Gorsuch Very Active in First Day on the Supreme Court
It looks like Neil Gorsuch has had no trouble adapting to life as a Supreme Court justice.
Breaking from the mold of many of his predecessors, Gorsuch was very active in his first day hearing oral arguments and asked many questions of the attorneys. This is a stark departure from many of the other justices in their early days — or even of many of the other seasoned justices who still ask very few questions.
Some, like Ginsburg, appear to be asleep more than they are awake.
But not Gorsuch. He was described as energetic and “upbeat” in his first day on the Court.
Oh, and he already has his office fully decorated and ready to go! The man wastes no time!
Here’s more of the story, from our friends over at Fox News:
An upbeat Justice Neil Gorsuch wasted little time getting to work in his first public session Monday as the 113th member of the Supreme Court.
Sitting at the far right end of the nine-member bench, Gorsuch spent the morning hearing three oral arguments, each lasting about an hour. In his first case, considering a federal workplace discrimination claim, the newest justice was among the most active of questioners — unusual for the court “rookie.”
At the start of the morning session, Chief Justice John Roberts publicly acknowledged his new colleague in the crowded courtroom, wishing him a “long and happy career in our common calling.”
Gorsuch responded by thanking the other justices for giving him a “warm welcome.”
The 49-year-old Colorado native paid close attention to the arguments, sitting straight up and resting his hand occasionally on his chin.
He remained focused — not even chatting with his “bench neighbor,” Justice Sonia Sotomayor — as he asked a number of questions of counsel. The back-and-forth exchanges lasted more than 10 minutes of the first 60-minute argument.
The first case out of the gate for Gorsuch was not a blockbuster, but the justice repeatedly pressed lawyers from both sides with his positions.
When one attorney admitted he tended to agree with the justice on one point, Gorsuch dryly replied, “I hope so.”
At one point, he even apologized for the amount of questions, saying, “Sorry for taking up so much time.”
The other cases being argued separately Monday deal with a property rights dispute and securities class-action lawsuits.
Even before Monday’s arguments, Gorsuch had begun settling in at the court, arranging his chambers to create a comfortable, efficient workplace. Reminders of his roots in Colorado and the West will grace his offices, along with plenty of photos of his family and friends.
He is allowed to hire secretaries, a messenger, and four law clerks — who typically serve for one year.
Those clerks will be especially important helping the justice get up to speed on his caseload, since joining the court in the midst of the term is not standard. It will be a nonstop whirl of activity until the term effectively ends in late June.

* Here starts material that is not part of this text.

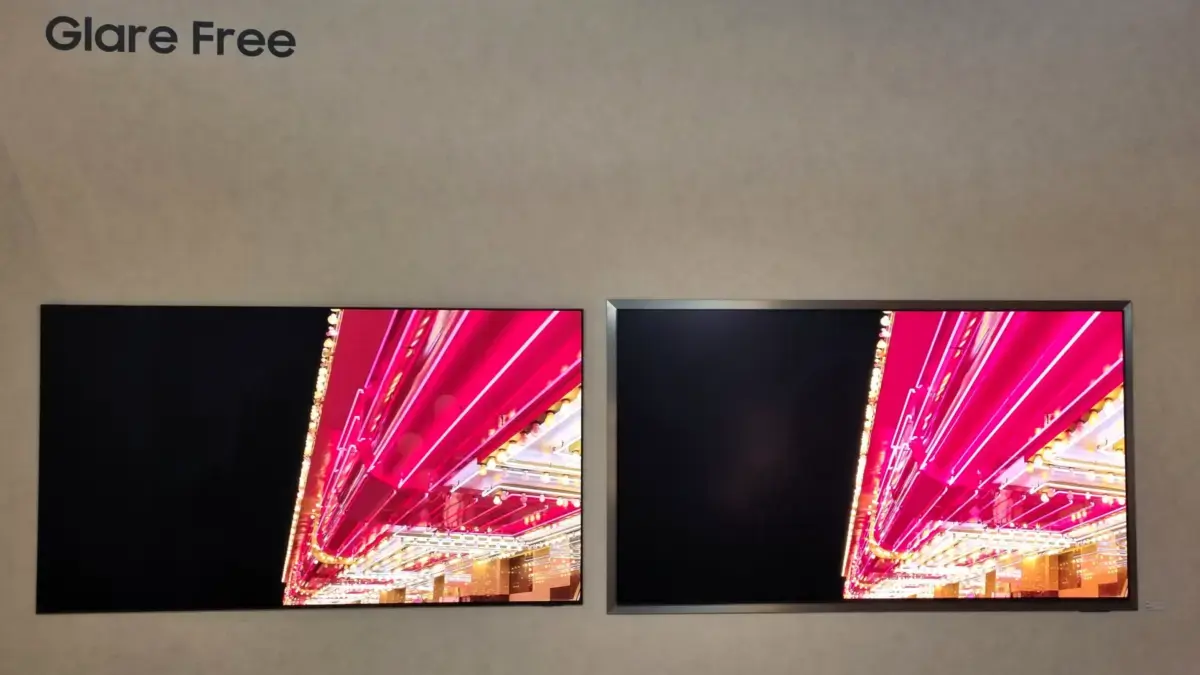 Telewizory OLED, takie jak S99H czy S95H, będą wyposażone w nową powłokę antyrefleksyjną (matowe wykończenie). Miałem okazję chwilę poobserwować, jak sprawdza się ona w warunkach sztucznego oświetlenia. Muszę przyznać, że hotelowe żyrandole, odbijające się na ekranie w nowej generacji Glare Free, były mocno stłumione. Różnica w porównaniu do poprzedniej wersji była wyraźnie widoczna. To zdecydowany plus dla najnowszej wersji Glare Free.

All four of the law clerks brought on in recent days served previously for then-Judge Gorsuch, and are all experienced litigators or academics. Two of them later went on to clerk for Antonin Scalia (the late justice whose seat Gorsuch is now occupying) and Justice Sonia Sotomayor.
His colleagues are welcoming their newest member.
“We hope we’re serving with Justice Gorsuch for the next 25 years,” Roberts said last week before a university audience in New York. “It’s kind of like a marriage. If you’re going to be with someone that long, you can’t have knock-down, drag-out fights over a case.”
Lunch Is Served
Food for thought for the newest member of the Supreme Court: being the junior justice has its benefits and challenges.
For Gorsuch, it will mean being assigned to the court’s internal Cafeteria Committee, where dessert toppings and silverware choices will compete for his time with constitutional issues big and small — all part of the dizzying first few weeks for the justice.
Justice Elena Kagan, who had been the court “newbie” since 2010, unwittingly gave her future colleague some personal advice on managing the job. She appeared last September at a Colorado legal conference with Gorsuch and spoke to what it was like to have the least seniority.
“I think this is a way to kind of humble people,” she said about her stint as one of the office lunch monitors. “You think you’re kind of hot stuff. You’re an important person. You’ve just been confirmed to the United States Supreme Court. And now you are going to monthly cafeteria committee meetings where literally the agenda is what happened to the good recipe for the chocolate chip cookies.”